The formula can be written as #sum_{n=0}^{infty}a*r^{n}=a/(1-r)# whenever #|r|<1#.
In the present example, #a=-10# and #r=0.2# so the answer is #(-10)/(1-0.2)=-10/0.8=-10 * 5/4 = -25/2 = -12.5#.
To derive the formula #sum_{n=0}^{infty}a*r^{n}=a/(1-r)#, consider the #k^{th}# partial sum #s_{k}=sum_{n=0}^{k}a*r^{n}#. Multiplying both sides of this equation by #r# gives #rs_{k}=sum_{n=0}^{k}a*r^{n+1}=sum_{n=1}^{k+1}a*r^{n}#.

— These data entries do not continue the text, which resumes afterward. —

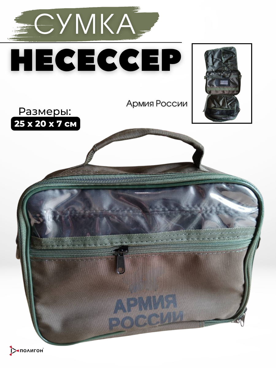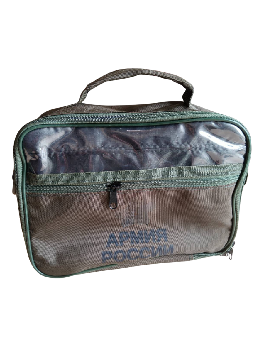 Несессер Армия России выдаётся призывникам для укладки вещей личной гигиены. Имеет много различных карманов и отсеков, полезный аксессуар для туриста, дачника, охотника и рыбака. Необходим в командировках во время профессиональной деятельности. Гигиенические приспособления солдат обязан иметь при себе во время смотра, полевого выхода и боевой тревоги. Сумка Армия России изготовлена из качественного материала, который обладает водоотталкивающими свойствами. Оснащена верхней ручкой с текстильным подручником для переноски и с двумя D-кольцами по бокам. Спереди имеется карман на молнии не глубокий. Нессер армейский имеет сзади отделение на молнии, в котором спрятан язычок с крючком, на который при использовании можно повесить. Основное большое отделение закрывается на молнию, раскладывается на 3 секции, также в нем имеется съемный модуль на липучке с прошитой лентой и биркой. На эластичный шнурок можно повесить полотенце или белье. Внутренние сетчатые карманы быстро сохнут. Размеры сумки косметички мужской 7х20х25см. Данную военную сумку косметичку используют как солдаты, так и офицеры. Занимает не много места, где аккуратно все лежит.
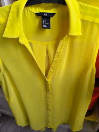 Camiseta de tirantes de la marca H&M en un llamativo color amarillo. Su diseño es ligero y fresco, ideal para el buen tiempo. Usada dos veces. Tiene una diminuta marca que no se nota nada puesta, muestro en ultima foto. - Cuello camisero. - Cierre de botones en la parte delantera escondidos.
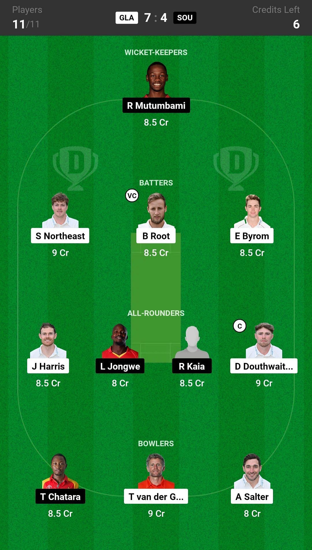 J Harris and D Douthwaite are the best all-rounder picks for the Dream11 team as they are batting in the top order and also completing their quota of overs. R Kaia is another good pick for today's Dream11 team.
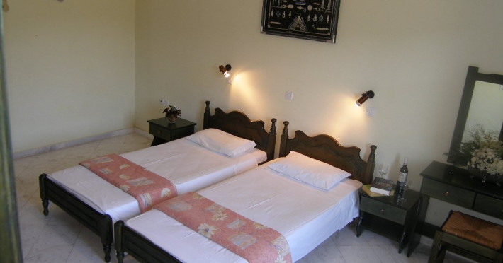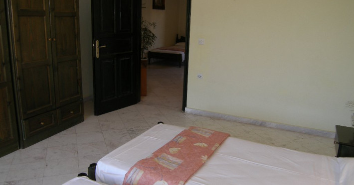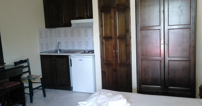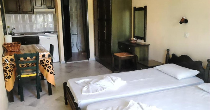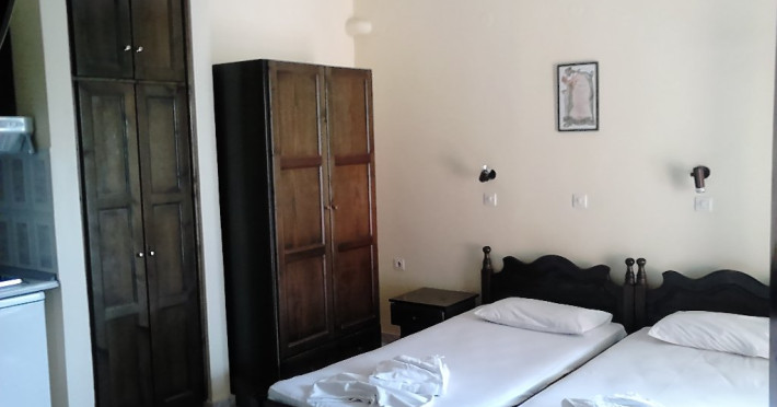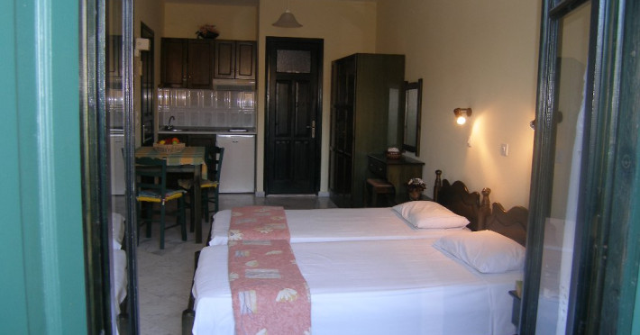 Apartamentele sunt alcatuite dintr-o camera spatioasa. Fiecare aparatament are un pat dublu si un pat twin sau trei paturi twin din lemn de nuc, dulapuri, birou si o chicineta echipata cu plita, chiuveta si frigider. Pe balcon se afla o masa si doua scaune din plastic.
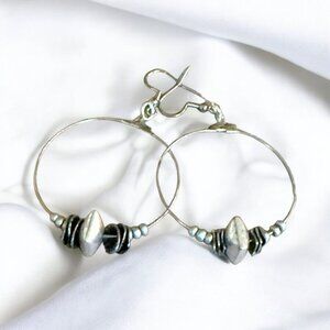* Lightweight silver-tone hoops with matte silver center bead and black/silver spacer accents

Therefore, #(1-r)s_{k}=s_{k}-rs_{k}=a-ar^{k+1}#, implying that, when #r !=1#, #s_{k}=(a(1-r^{k+1}))/(1-r)#. (When #r=1#, then #s_{k}=(k+1)a#.)
If #|r|<1#, then #r^{k+1}->0# as #k->infty#. This leads to the conclusion that
#sum_{n=0}^{infty}a*r^{n}=lim_{k->infty}s_{k}=(a(1-0))/(1-r)=a/(1-r)# when #|r|<1#.
When #|r| >=1#, then the sequence #(r^{k+1})# diverges, making #(s_{k})# diverge, leading to the conclusion that the series #sum_{n=0}^{infty}a*r^{n}# diverges.